Table 3(a) - Impact of the number of # Expert on the inter-organ integrated dataset.
# Experts	BUSI	BUV	BUSBRA	BUSC	DDTI	TUD	TUS	TNSCUI	Mean
4	0.4693	0.7585	0.6811	0.7179	0.5137	0.7139	0.5880	0.6906	0.6416
8	0.4898	0.8195	0.6919	0.6998	0.5508	0.7062	0.5883	0.7057	0.6565
10	0.4932	0.8061	0.6816	0.6953	0.5460	0.7120	0.5619	0.6713	0.6459

Table 3(b) - Impact of the number of # Expert on the intra-organ thyroid integrated dataset.
# Experts	TUD	TUS	DDTI	TNSCUI	Mean
2	0.5095	0.7092	0.5794	0.6921	0.6226
4	0.5594	0.6932	0.5750	0.6935	0.6303
8	0.5481	0.7032	0.5900	0.6875	0.6322
10	0.5595	0.6919	0.5580	0.6878	0.6243

Table 4 - Impact of Top-K on the S²E Module.
Top-K	BUSI	BUV	BUSBRA	BUSC	DDTI	TUD	TUS	TNSCUI	Mean
K=1	0.4898	0.8195	0.6919	0.6998	0.5508	0.7062	0.5883	0.7057	0.6565
K=2	0.4889	0.7905	0.6852	0.7248	0.5152	0.7067	0.5703	0.6882	0.6462
K=3	0.5159	0.8313	0.6719	0.7266	0.5371	0.7091	0.5725	0.7052	0.6587
K=4	0.5119	0.7646	0.6732	0.7231	0.5283	0.7108	0.4762	0.6783	0.6333

In-Depth Analysis

Q1: Does COME demonstrate zero-shot domain adaptation capability?

Four breast datasets exhibit significant distribution variations, such as source-specific noise and artifacts (similar heterogeneity in thyroid datasets). To validate COME's generalizability, we randomly train on the BUSI and test directly on the other three breast datasets.

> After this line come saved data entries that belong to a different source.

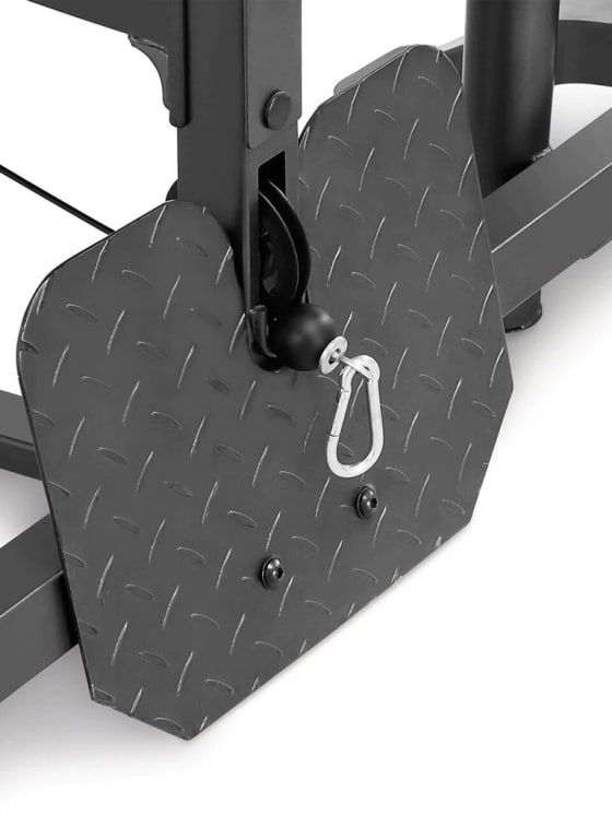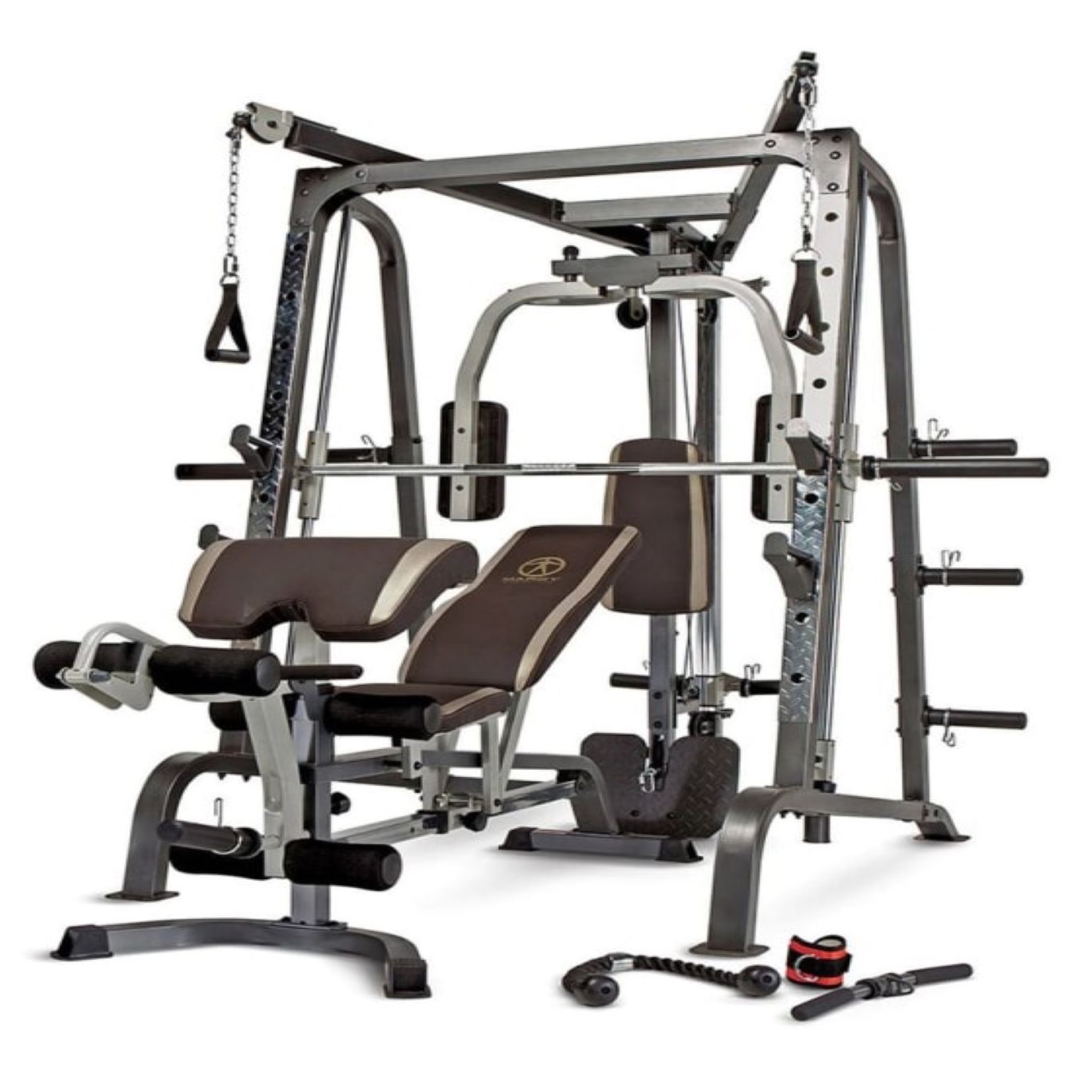 A complete workout station for serious home gym strength training is provided by the Marcy Diamond Smith Machine / Cage System MD-9010G. No matter your level of fitness, get a complete home workout. Thanks to the adjustable bar catches, safety stoppers, and “Ultra-Glide” linear bearings that are included, you can work out your entire body safely and effectively. In no time, you’ll start gaining muscle. The MD-9010G targets a number of muscle groups, including the ones in your shoulders, back, legs, and more. For a back workout that will have you throwing away your old pull-up bar, combine the upper cables with the provided lat bar. The best features of commercial gyms are brought into your home gym by this high-quality apparatus. You can perform exercise routines that previously required a gym membership, specifically, thanks to the cable crossovers. Additionally, the MD-9010G uses standard or Olympic weight plates depending on your preferences, so you can stop relying on weight stacks. You can arrange your strength-training gear and prevent clutter with the help of six Olympic weight plate storage pegs. Years of use in your own home gym are guaranteed by the sturdy tubular steel construction. This Smith Machine is a true All-in-One Home Gym because it was constructed with effectiveness, convenience, and durability in mind. The MD-9010G is a small home gym that comes with an assembly tutorial video at the bottom of the page.
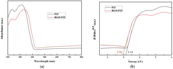 The UV-vis absorption spectroscopy (a) and the band gap (b) of both P25 and RGO-P25 samples are shown in Figure 5. The RGO-P25 has a strong absorption from 342 to 800 nm, which indicates stronger light absorption property than that of P25 (Figure 5a). Band gap information can be seen in Figure 5b exhibiting that the value of the band gap of RGO-P25 is 2.96 eV, which is lower than P25 (3.14 eV), but higher than that of nickel oxide nanoparticles [34] and hematite nanoparticles [35].
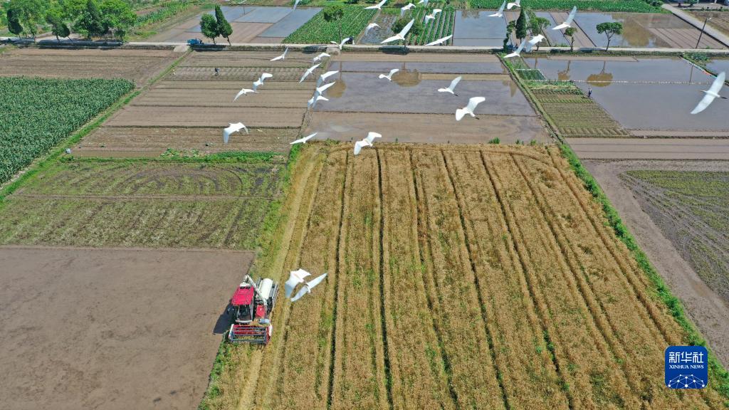 5月25日,在浙江省臨海市永豐鎮,農民駕駛收割機收割小麥(無(wú)人機照片)。
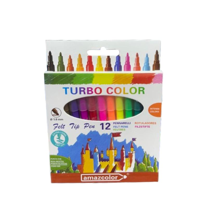 The Amazcolor Turbo Color Felt Tip Pen Set includes 12 vibrant markers with 1.8mm tips, perfect for bold coloring and detailed artwork. Featuring intense colors, long-lasting ink, and an extra-long cap-off time, these pens are ideal for kids and artists alike who love smooth, expressive drawing.
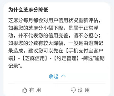 小编询问了支付宝客服,对方给出的答案是一般芝麻分降幅较大,都是由出现逾期记录造成的。
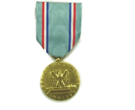 The medal is the same as the Army Good Conduct Medal and was designed by Joseph Kiselewski. On the obverse is an American eagle with wings displayed and inverted, standing on a closed book and a Roman sword. Encircling this are the words “Efficiency, Honor, Fidelity” at the medal’s outer edge. The reverse has a five-pointed star above a blank scroll suitable for engraving the recipient’s name and above the star are the words, “For Good” and below the scroll “Conduct.” Is encircled by a wreath of laurel and oak leaves. New original issue.

The performance comparison of DINO (non-MoE setup), DAMEX and our COME is demonstrated in Tab. 5.

Table 5. - The zero-shot domain adaptation ability of the proposed COME.
Method (Train on BUSI)	BUSI	BUV	BUSBRA	BUSC
DINO	0.418	0.481	0.357	0.043
DAMEX	0.327	0.409	0.344	0.115
COME (Fine2Coarse)	0.508	0.561	0.410	0.297

Q2: How Do Feature Representations Evolve Across Clustering Stages?

The proposed COME achieved optimal performance with its Fine2Coarse clustering strategy. As shown in Fig. 6, we visualized feature distributions across three stages: pre-clustering, post fine-grained clustering (16 centers), and final coarse-grained clustering with 8 centers.

Fig. 6 Feature Visualization of Fine2Coarse Clustering.

Simultaneously, we implement a five-step clustering, visualizing three of these steps in the Fig. 7.

Fig. 7 Feature Visualization of Multi-Step Clustering.

Conclusion

This study proposes a dual structure-semantic learning framework for multiple heterogeneous US analysis, demonstrating superior performance in lesion detection. Addressing multi-source data characteristics, we innovatively design two shared experts to construct a universal feature space by integrating structural invariance and semantic consistency, supporting source-specific feature mining. Then a source-specific expert routing module employs clustering for feature decoupling, enhanced by traceability loss to reinforce expert specialization and ensure consistent data routing. Additionally, empirical results validate the effectiveness of intra-/inter-organ data integration strategies, offering new perspectives for the US analysis community, particularly given the increasing availability of public datasets.